U.S. stocks were mixed. On Tuesday, the S&P 500 and Nasdaq Composite fell but recovered from session lows. The Dow Jones Industrial Average, however, closed in the green. Asia-Pacific markets traded higher Wednesday. South Korea’s Kospi index jumped more than 2.5%.

[PRO] An attractive European fixed income play. This niche area has “real value,” according to BlackRock’s James Turner, co-head of global fixed income in EMEA. In addition, it offers protection against the risk of interest rate fluctuations.

And finally…

NEW YORK, NY – FEBRUARY 09: Chinese Consul General in New York Huang Ping (C) and his wife Zhang Aiping participate in a closing bell ceremony to celebrate the Chinese New Year, the Year of the Dragon, on February 8, 2024 in New York City.

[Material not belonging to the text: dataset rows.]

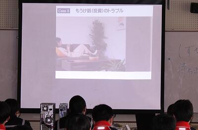 インターネット等の普及により、近年では悪質商法や特殊詐欺による被害が増大しています。中学生を取り巻く現状を学習し、被害にあわないことや未然に防ぐ方法及び対応方法を身に着ける態度を養うことをねらいとしました。
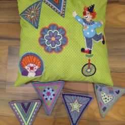 Mit diesen Stickis könnt Ihr ganz wunderbar zum fröhlichen Clownfenster auch die passenden Kissen, Lampenschirme, Bilderrahmen (evtl. beleuchtet), Lichtbeutel oder gar die KIGA-Tasche verschönern. Aber auch Mützen – Halssocken u.s.w. sind dankbar für jede Abwechslung.
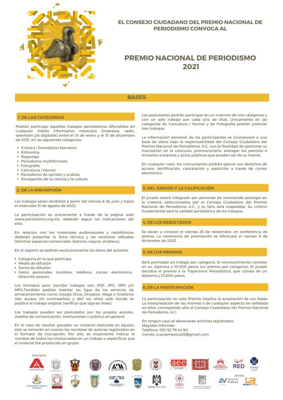 Nuestra colega, la Dra. Guadalupe Hernández Mar, presidenta del Premio Nacional de Periodismo, convoca al envío de trabajos periodísticos hasta el 17 de junio
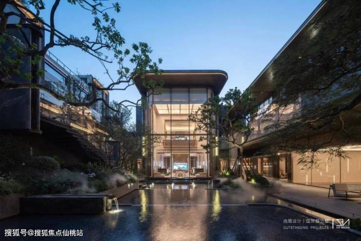 通过借势场地高差,我们建立了一个以约2000㎡下沉庭院、多功能魔盒、观景恒温泳池、风雨连廊和全区住宅首层架空层组成的完整、连续、边界模糊的空间体系,实现沉浸式“森境”体验。
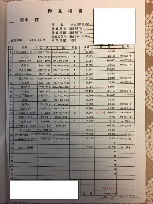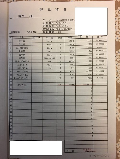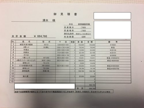 調理小物を除いて全部で20点ほどでした。この書き出した紙を持って近所の店舗用品専門店「テンポスバスターズ」に行って見積もりを出してもらいました。
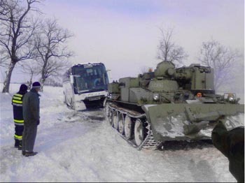 A szerbiai katonaság tankja segített abban, hogy az autópálya topolyai szakaszánál az utat elzáró kamiont félretolják, s a mögötte feltorlódó mintegy 11 kilométeres sor végre megindulhasson.Az autópálya eltakarításába a Vojput dolgozói mellett a szerbiai katonaság is bekapcsolódott, s egy tankkal tolják félre azokat a nyergesvontatókat, amelyek akadályozzák a forgalmat.
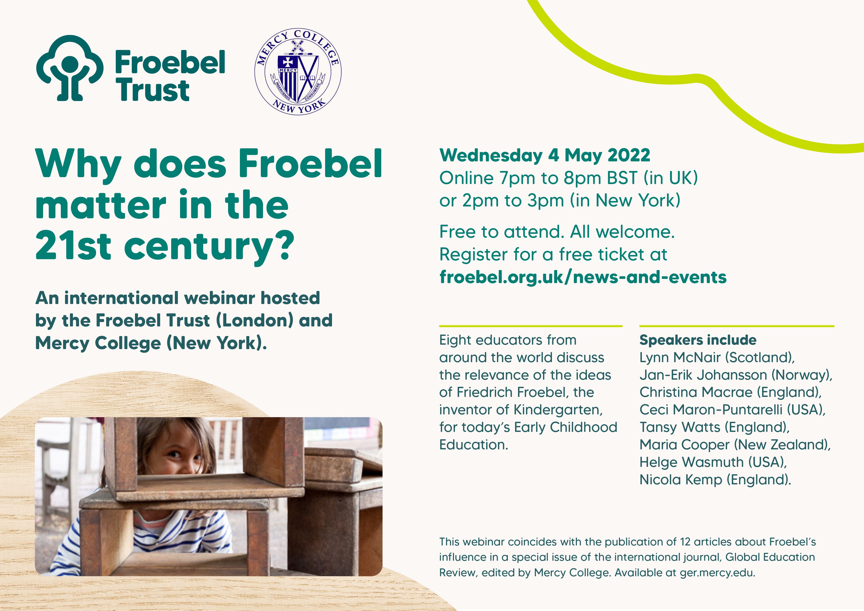 Eight educators from around the world discuss the relevance of the ideas of Friedrich Froebel for today's Early Childhood Education. A Froebel Trust and Mercy College webinar recorded on 4 May 2022.
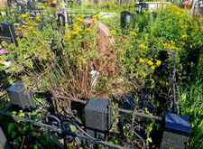 Очередной заказ по уборке небольшого места захоронения. Несмотря на наземное покрытие, на данной могиле проросли высокие сорняки, практически полностью скрывшие памятник. В целом, эта могила – яркий пример того, что случается даже с ухоженными местами захоронения без регулярной уборки.
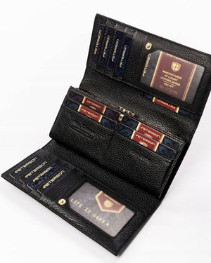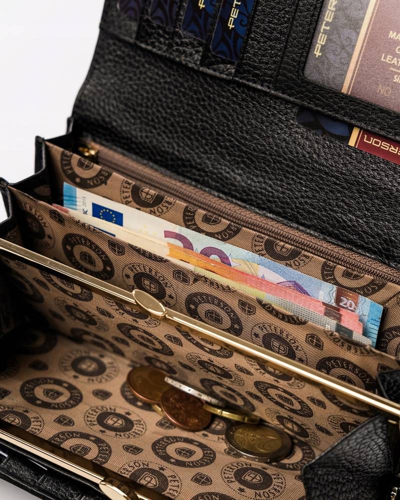 Ši elegantiška moteriška piniginė iš natūralios odos yra puikus pasirinkimas tiems, kurie vertina kokybę ir funkcionalumą. Juoda spalva suteikia klasikinį ir universalų stilių, o didelis dydis užtikrina, kad viskas, ko reikia, bus patogiai sutalpinta.

China News Service | Getty Images

Chinese firms pull back from listing in the U.S. as Hong Kong IPOs see a surge

Chinese initial public offerings in the U.S. have slumped 4% year on year in terms of deal value so far this year, raising just $875.7 million from 23 deals. Meanwhile, Chinese IPOs in Hong Kong this year have surged 164% year on year, raising $18.4 billion from 56 listings, Dealogic data showed.

One major snarl for Chinese companies interested in U.S. listings is Beijing’s tight control of the IPO process. A growing number of U.S.-listed Chinese companies are also looking at Hong Kong amid rising delisting risks in the U.S., a trend that’s giving an extra boost to the city’s sizzling market.